I have been inspired and intrigued by this question for a while, based on the terrific series of articles written by Mats Alvesson and Jörgen Sandberg. In their work, they explored and critiqued the path taken in organisational and management research in different ways, driven by a similar set of questions to that above.
One of their conclusions was that research (in this case, management scholarship) tends to follow a rather linear path of ‘incremental’ contributions to knowledge and ‘gap-spotting’ research approaches. To be clear – there is nothing wrong with gap-spotting approaches.
However, if a large proportion of research takes the same approach, we are, as they argued, less likely to propose ‘interesting theory’ that challenges assumptions of seeing social, technical, environmental problems etc. We might be missing out on more original contributions if we restrict ourselves thus. They suggest different ways of tackling this issue.
For the purpose of my talk, it was delivered to and discussed with other highly-experienced researchers across several disciplines. There was a lot of debate about not only what constitutes originality, but:
- To whom does originality matter?
- What are the benefits of originality?
- What are the blockages to developing original research?
Of course, this covers a lot of ground and applies beyond the concerns of academic researchers. So I split my talk into three broad areas:
- What is originality and why is it lost?
- Where did we lose it? Or is it simply misplaced?
- Assuming it is lost – how do we find it again?
1. The first part drew from Alvesson and Sandberg, and we discussed different types of originality in research: from path-breaking mega-discoveries, to more incremental (but powerful) work. I think it is fair to say that what constitutes originality is highly context dependent!
But has originality been lost? From an academic view, maybe it is becoming harder to see it, rather than being lost entirely. As others have noted – the pressure on academics to ‘publish or perish’ means more work is being nuanced to fit the needs of incrementalism in journal publishing efforts. While this is extremely difficult (i.e. blind peer review), does it encourage the kind of conceptual or practical risk taking associated with major, paradigm-shifting, research?

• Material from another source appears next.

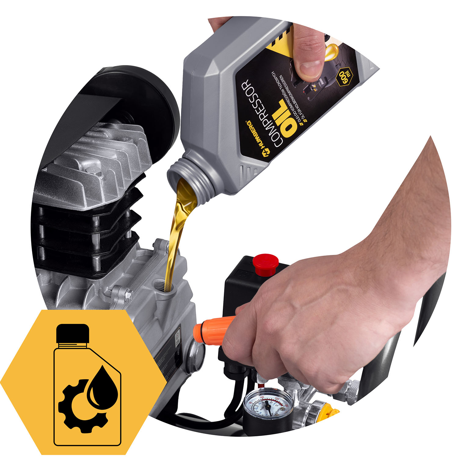 Zaawansowana pompa tłokowa z olejowym smarowaniem pracuje gładko i niezawodnie, nawet przy dużym obciążeniu. Każdy ruch tłoka to moc i wydajność, na której możesz polegać, zapewniająca szybkie i efektywne działanie narzędzi. W zestawie znajduje się olej, dzięki czemu kompresor jest od razu gotowy do pracy i dłużej utrzymuje optymalną kondycję.

2. The second part is interesting to me from at least two perspectives. Firstly, as a scholar, I’m interested in the debate surrounding originality as well reflexively considering the merits of my own research efforts. Navel-gazing this might be, but necessary if academics are to develop their research strategically, with a view of deeper contributions to shaping the ideas surrounding our times. Evidently, business-as-usual won’t cut it.
Secondly, as the course director of the PhD by Practice-based Research, I try to consider originality from the view my students would take – as senior practitioners in an array of industries, sectors and fields. What constitutes novelty for practitioners is very different to the scholar, and we (scholars) are often guilty of neglecting the many different voices out there seeking to contribute to and create, original, practical research.
3. The third part closed the discussion, and we focused on the role of originality in research training as a major route to re-finding originality. One of the key aspects of a great, and impactful, PhD thesis is the ‘originality’ of its contributions. Being able to demonstrate these contributions in a compelling way develops over the course of the PhD, and is one of the great moments in the PhD journey.
That said, our creation of PhD opportunities also tends to fit the topic interests of potential supervisors, as topic experts, as much as the individual interests of research students. Scholarship opportunities are often framed as such, as are funded research places arising from grant-funded research. We might also consider the quality of training we offer research students, whether we are equipping emerging researchers with the critical and analytical skills they’ll need to pursue original research programmes of their own devising – beyond the research degree and impactful into society.
I invite your own reflections on this piece, either in general or specifically to your own approach(es) to research. Thanks for reading.